Wednesday, March 01, 2006

Surfing the crimson wave

I know I said I'd post because my social life had ended but it's unexpectedly resumed, but only for the next couple of days/nights. This means I still don't have time to impart my news. I can give you a taster, though: TGOC Parallel Universe paid me a visit. It seems a disaster has befallen her Earth, wiping out most of the population - Ha ha! Serves her right. Smug bitch.

Anyway, that's not why I'm posting now. It's because of something I heard on the televisual box (heard because I wasn't paying it much heed as I was reading). An advertisement for Bodyform jam rags*:

Apparently, one in five women are let down by their sanitary towel.

What wasn't mentioned was *how* they were let down.

Didn't they have tea on the table when you came home? Forgot to put the rubbish out? Didn't pick up the kids from school? Forgot your birthday?

Those pesky towels! They probably didn't absorb all the blob either.


I'll get right on with reporting the disaster on parallel Earth in a couple of days...

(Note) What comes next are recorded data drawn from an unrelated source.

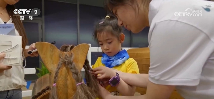 在马术比赛的现场,在观赛之余,还有各种马术文化的相关活动供观众体验。例如,骑上障碍赛骑手同款的赛级马鞍,尝试编发、绑护腿、装草球等活动,可以让观众体验马术文化的内涵。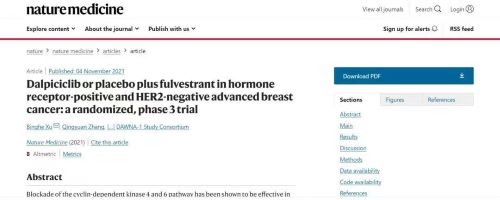 近日,世界杯下单平台网站官网自主研发创新药达尔西利(Dalpiciclib,CDK4/6抑制剂)联合氟维司群治疗激素受体阳性HER2阴性晚期乳腺癌的3期临床研究(DAWNA-1)在国际顶级权威杂志《自然医学》(Nature Medicine,2021年影响因子:53.44)全文在线发表。这是继三种CDK4/6抑制剂的PALOMA、MONARCH、MONALEESA系列乳腺癌领域3期研究陆续发表于NEJM、Lancet Oncology、JCO等期刊后,又一新型分子结构的CDK4/6抑制剂(也是国内原研的首个CDK4/6抑制剂)的3期临床研究数据,再次登上顶尖医学期刊。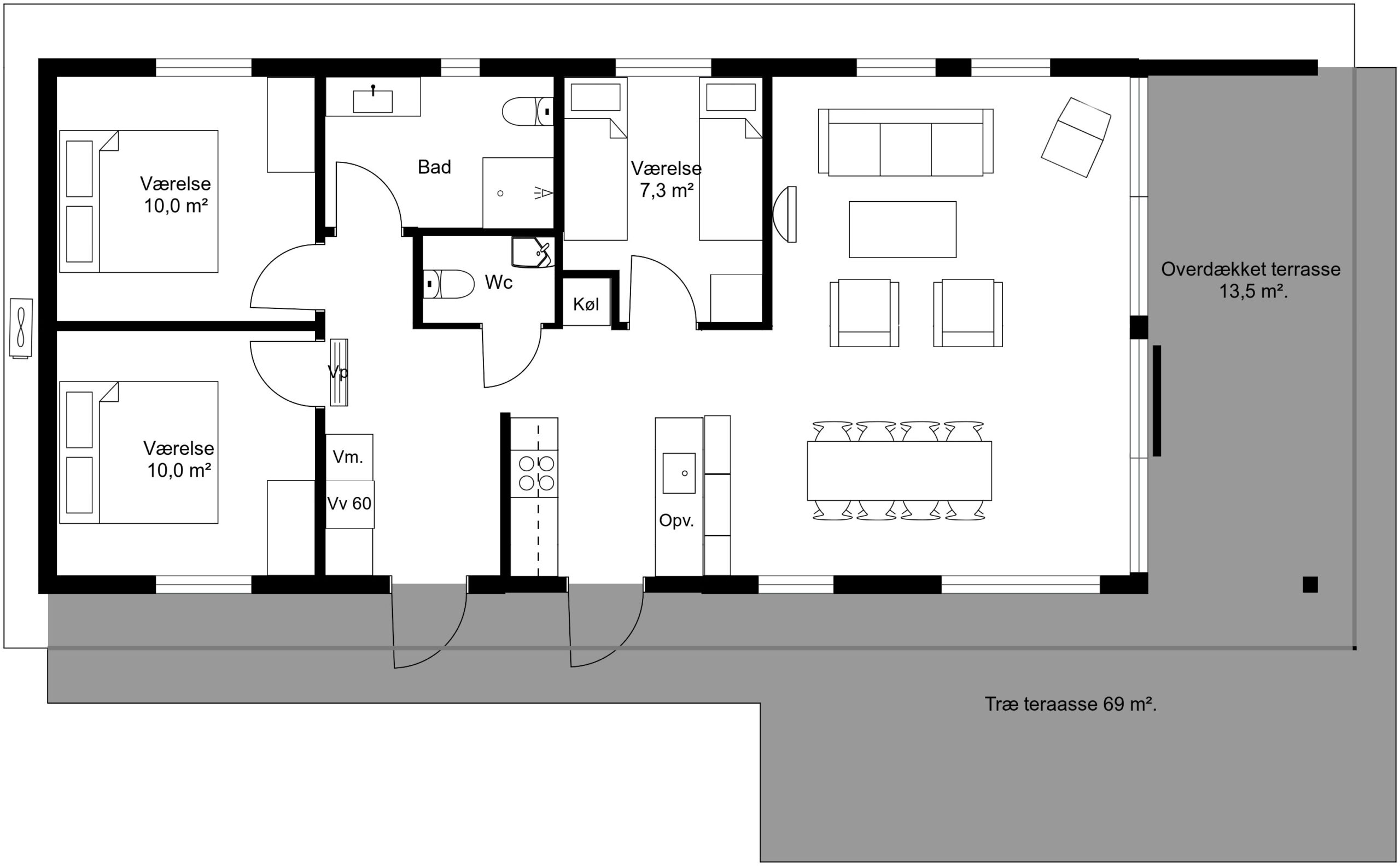 Areal: 95 m². Overdækket terrasse: 13,5 m². (Træterrasse: 69 m². er ikke inkl.)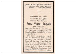 ∞ 1937 Wilhelm Engels aus Bedburg-Broich; 3 K.; Tod nach der Geburt ihres 3. Kindes |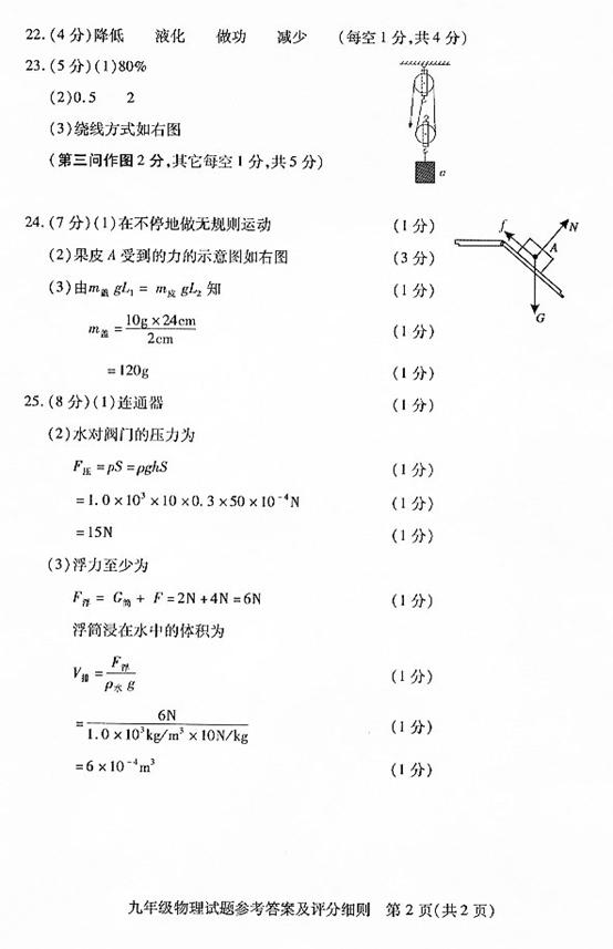 (3)进水管停止向水箱注水时,浮筒浸入水中的体积为多少?(请写出必要的计算过程)
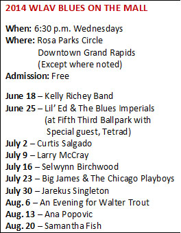 West Michigan classic rock radio station WLAV-FM (96.9) today revealed its 2014 lineup for the 23rd edition of the 97 LAV Budweiser Blues on the Mall series, a Wednesday night concert tradition that fires up again on June 18 with the Cincinnati-based Kelly Richey Band at Rosa Parks Circle in downtown Grand Rapids.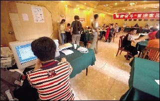 廖明艷是北川縣委宣傳部的工作人員,她的“辦公室”是70余平方米大廳的一角,地震前是賓館的火鍋廳。一張長(zhǎng)形餐桌旁放了一圈椅子,上面用小紅牌寫著“宣傳部”、“廣電局”、“人事局”。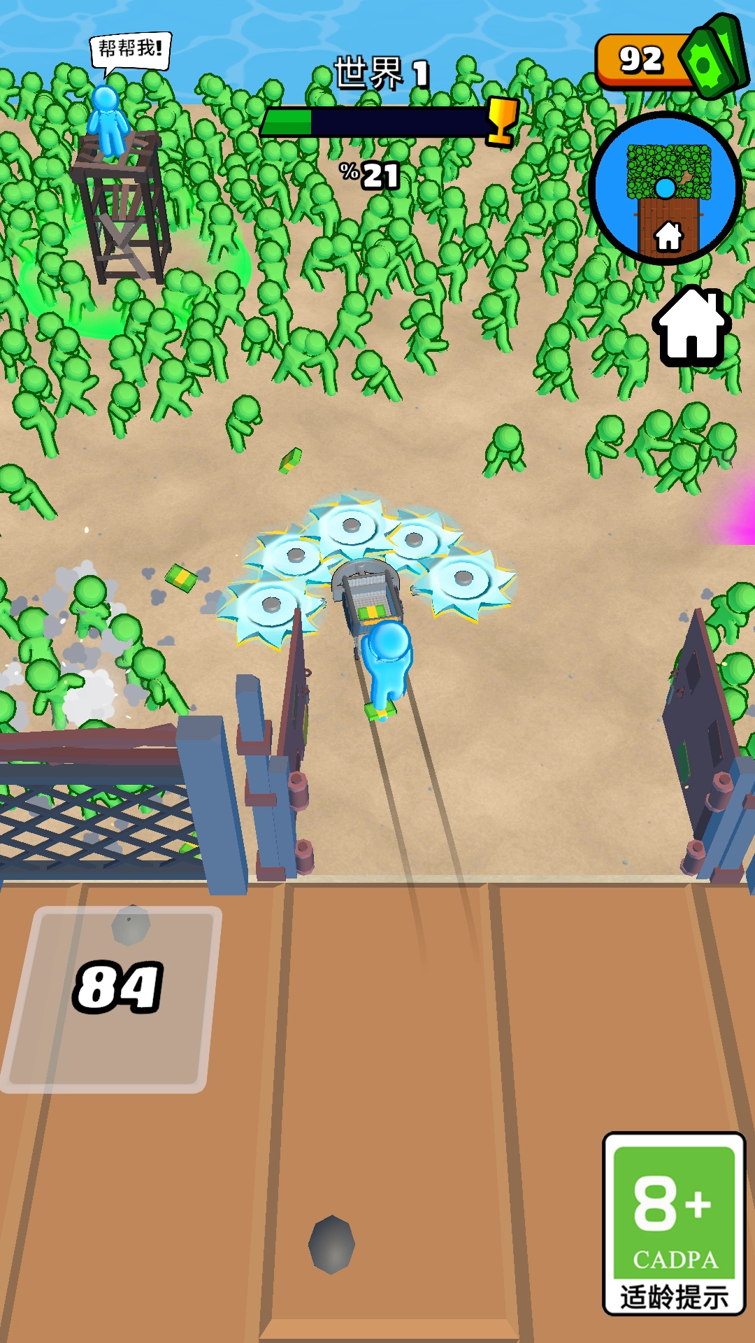 《疯狂战斗机》是一款玩法轻松简单的射击类末日生存割草游戏。在这个被僵尸占领的世界中,你将操控角色在遍布绿皮僵尸的场景里奋勇杀怪、艰难求生。游戏过程中,你可以解锁各式各样的武器,不断升级强大技能,还能救援被困的同伴,一路砍杀冲破汹涌尸潮,尽情体验刺激十足的末日割草爽感。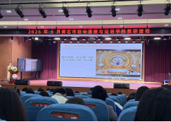为深化“成长课堂”理念,提升教育硕士教学实践能力,2026年3月27日上午,黑料不打烊 研究生教学实践指导老师刘玲玲和校外兼职硕导马海平教研员带队学科教学(思政)研究生宋如心、刘越,参加由黄石市教育科学研究院主办的初中道德与法治学科教研活动,现场观摩复习课教学新范式。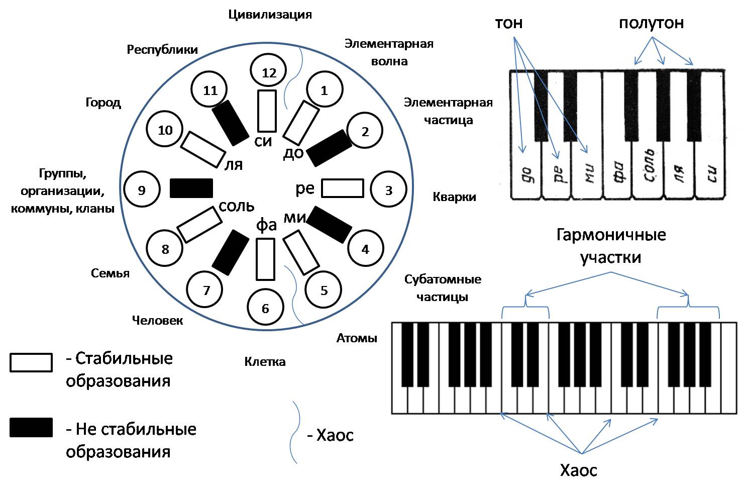 Хаос находится между 12-м и 1-м уровнями (бурление метагалактик – первичная энергия), и между 5-м и 6-м уровнями – хаотичное движение атомов (задающее термодинамику). Хаос – движитель эволюции. Разветвления берут начало до белых клавиш (тонов). К примеру, живая и неживая природа разветвляется на уровне атомов и молекул.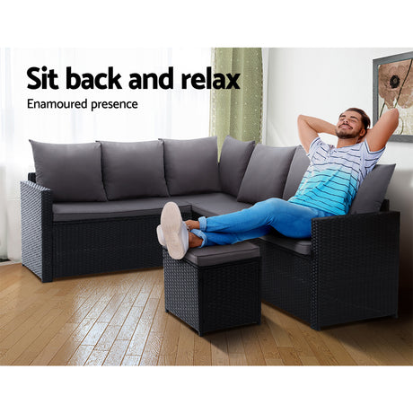 Gardeon Outdoor Dining Set Sofa Lounge Setting Chairs Table Ottoman Black Cover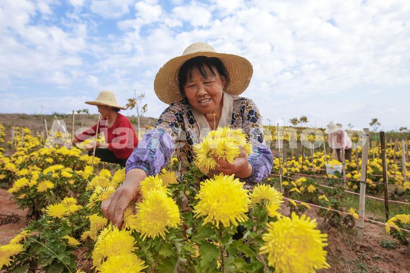 图片说明:2022年11月11日,菊农在安徽黄山市徽州区潜口镇采摘金丝皇菊。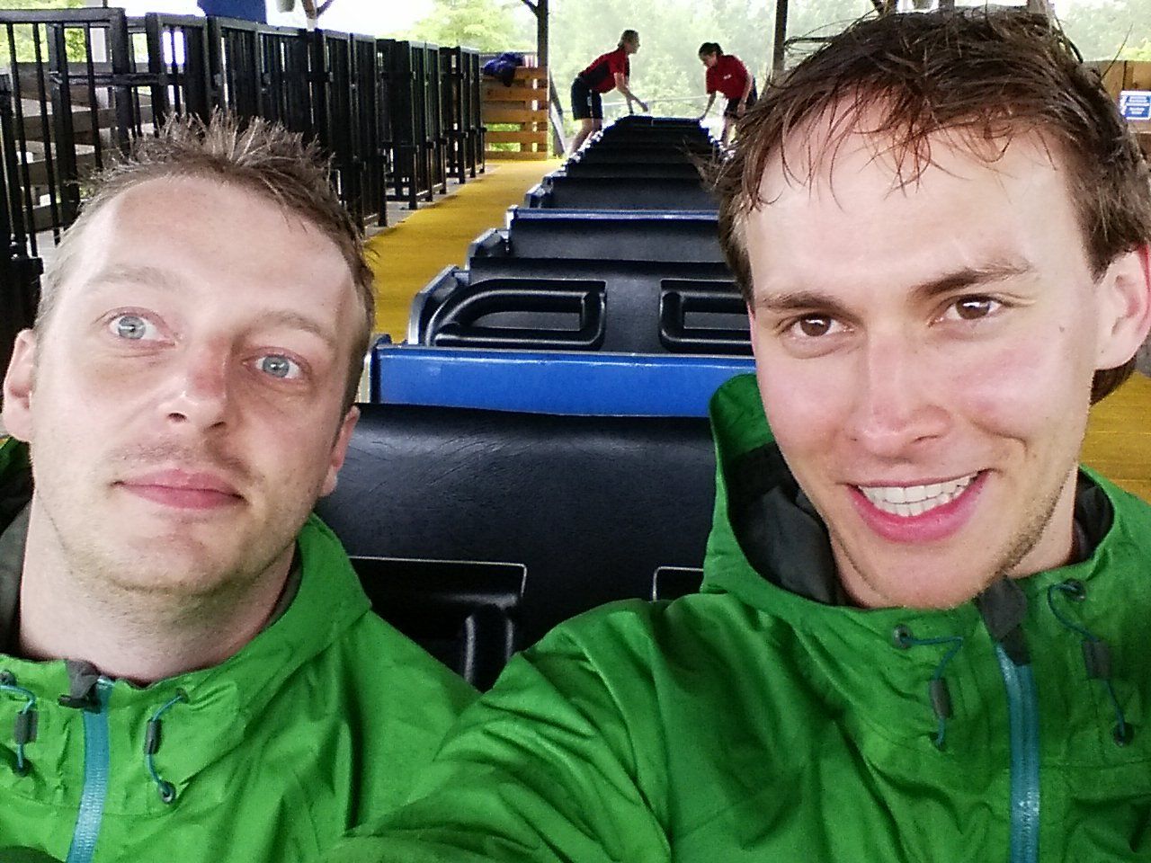 G-Kräften nicht geizt, macht die ganze Angelegenheit nicht wesentlich angenehmer. Benni wollte danach eigentlich nicht nochmal aber ich habe etwas genervt und schwupp sind wir später am Tag noch weiter vorne und in der Mitte gefahren. Und siehe da: das ganze war wesentlich angenehmer und hat auch weitaus mehr Spaß verbreitet! Zwar wird weiterhin versucht, einen Oberschenkelhalsbruch zu verursachen, aber wenn man mit den Händen etwas gegen den Bügel drückt, wird die Fahrt doch noch sehr spaßig. Positiv ist, dass sich die Bügel in der Schlussbremse etwas lockern.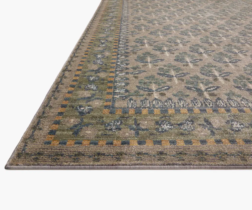 A field of delicate flowers takes on an almost geometric feel on the Forte rug. The detailed floral grid is surrounded by a layered border with pops of unexpected colors. Powerloomed in Egypt, it has a soft, shed-resistant pile that is both fade and stain resistant. Part of our Rifle Paper Co. × Loloi collection. The layout and scale of our rugs is adjusted to accommodate each available size, and may be different than what is pictured here. Images of each size are available by hovering over the desired size on our desktop site.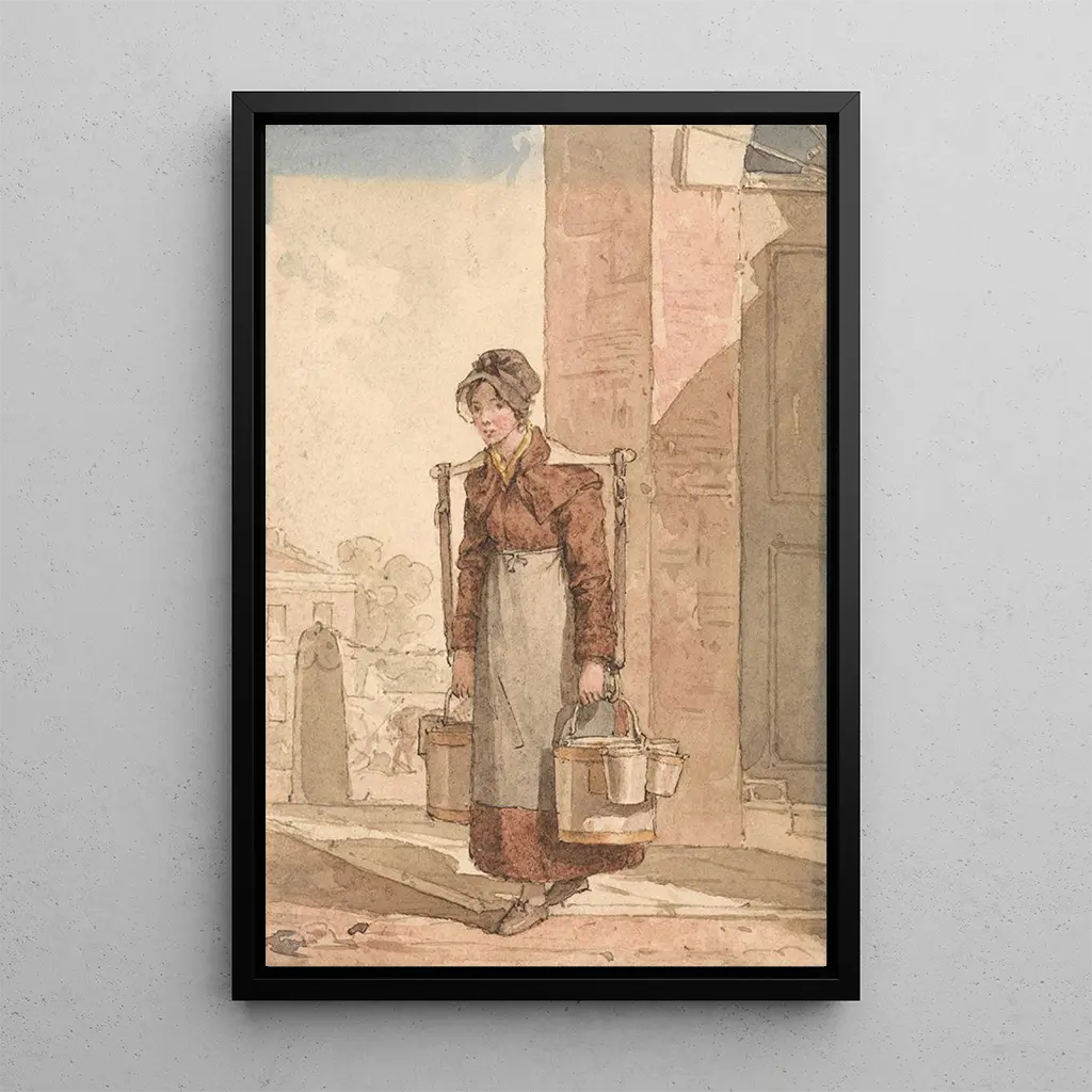 Tässä taidegrafiikka-uutoksessa "Une laitière" John Augustus Atkinson tallentaa arkipäivän hetken poikkeuksellisen hienovaraisesti. Kompositio korostaa nuorta naista, joka keskittyy tehtäväänsä, ympärillään elementtejä, jotka viestivät yksinkertaisuudesta ja arjen kauneudesta. Pehmeät ja luonnolliset värit, kermansävyistä vihreän sävyihin, luovat rauhoittavan tunnelman. Vesiväritekniikka, kevyine asteittaisine sävyvaihteluineen ja läpinäkyvyydellään, mahdollistaa valon hienovaraisen esittämisen, korostaen kohtauksen rauhallisuutta. Tämä taidegrafiikka kutsuu mietiskelyyn, vieden meidät hetkeksi ajasta riippumattomaan hetkeen.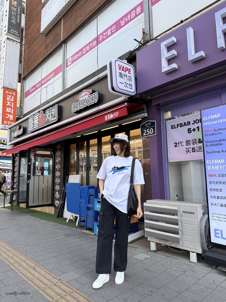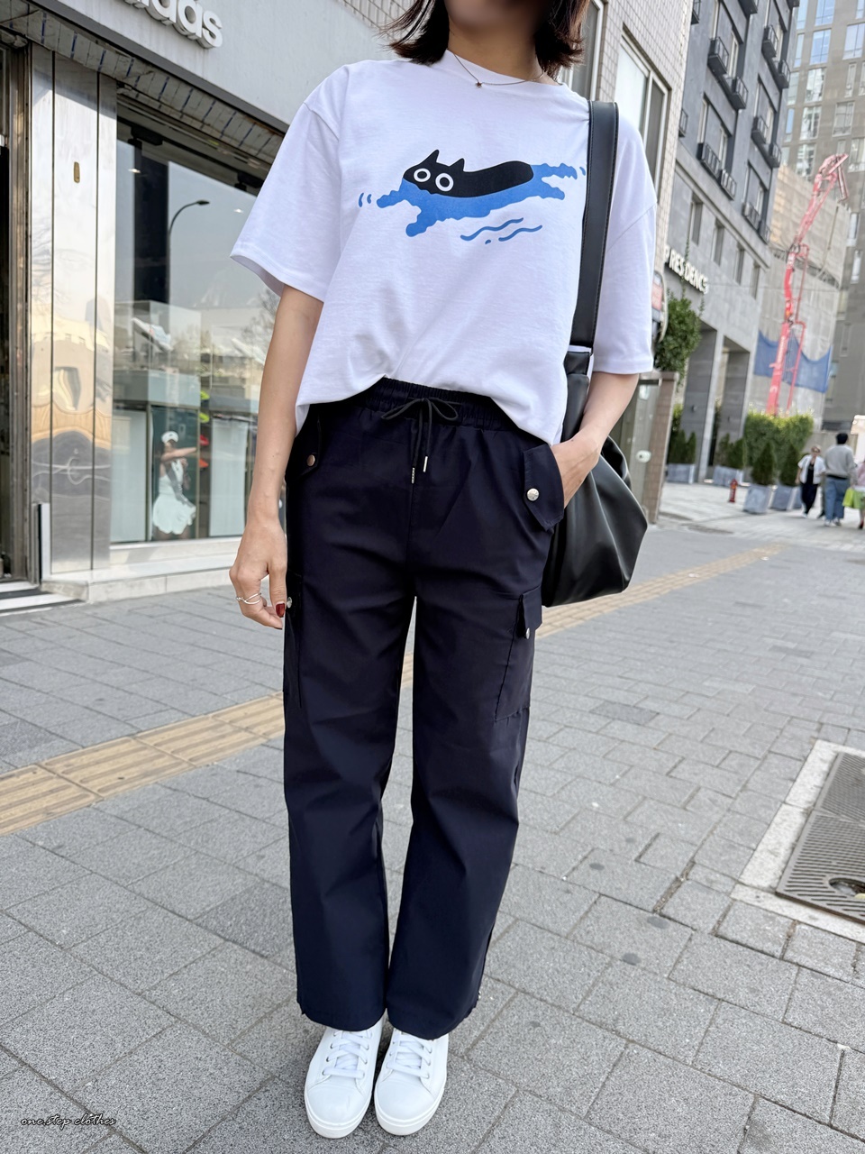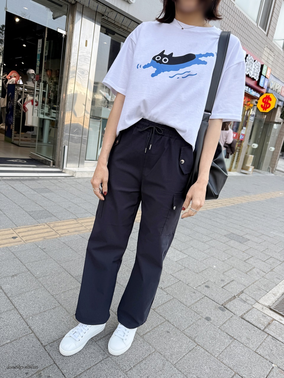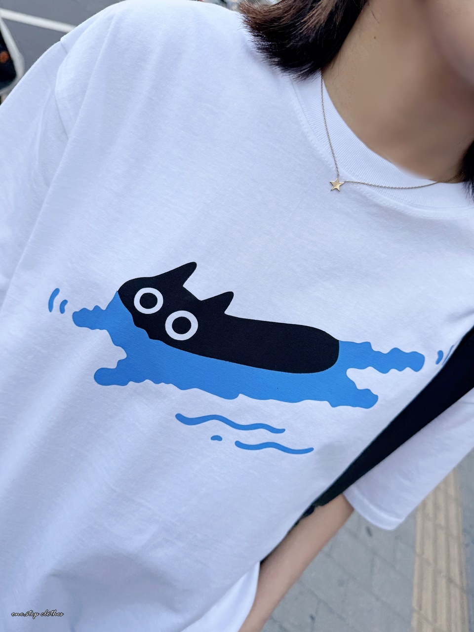 正韓慵懶小黑貓游泳T

* I'm allowed to be derisory having leaked vital body fluid once a month before I left my old body and dropped into this one. All I can say is "Thank Christ it's over with now"!

6 comments:

  1. yey I'm first.

    That's better. I'm looking forward to the next posting.

    ReplyDelete
  2. I'll try and make it coherant then.

    Oh and m'Lady - Sorry about getting a life. I promise that after tonight, it'll be over!

    ReplyDelete
  3. your life will be over if you don't post something soon!
    Slacker!

    Blogging's great. You can abuse people safe in the knowlege they don't know who you are or where you live.

    ReplyDelete
  4. bodyform jam rags?!?!?!?!?!

    I nearly choked when reading that. I need a warning up at the top of the screen of your blogs saying "do not eat or drink while reading" because now I have to go and find a new keyboard :P

    ReplyDelete
  5. I have to admit that that advert totally freaked me out for ages, how the heck do they work out a figure like that?
    Is there like an annual conference for leaky women? I shudder to think...

    ReplyDelete
  6. Urgh... You can just imagine a hoard of dripping women slip-sliding all over the place as they try and collate their stats!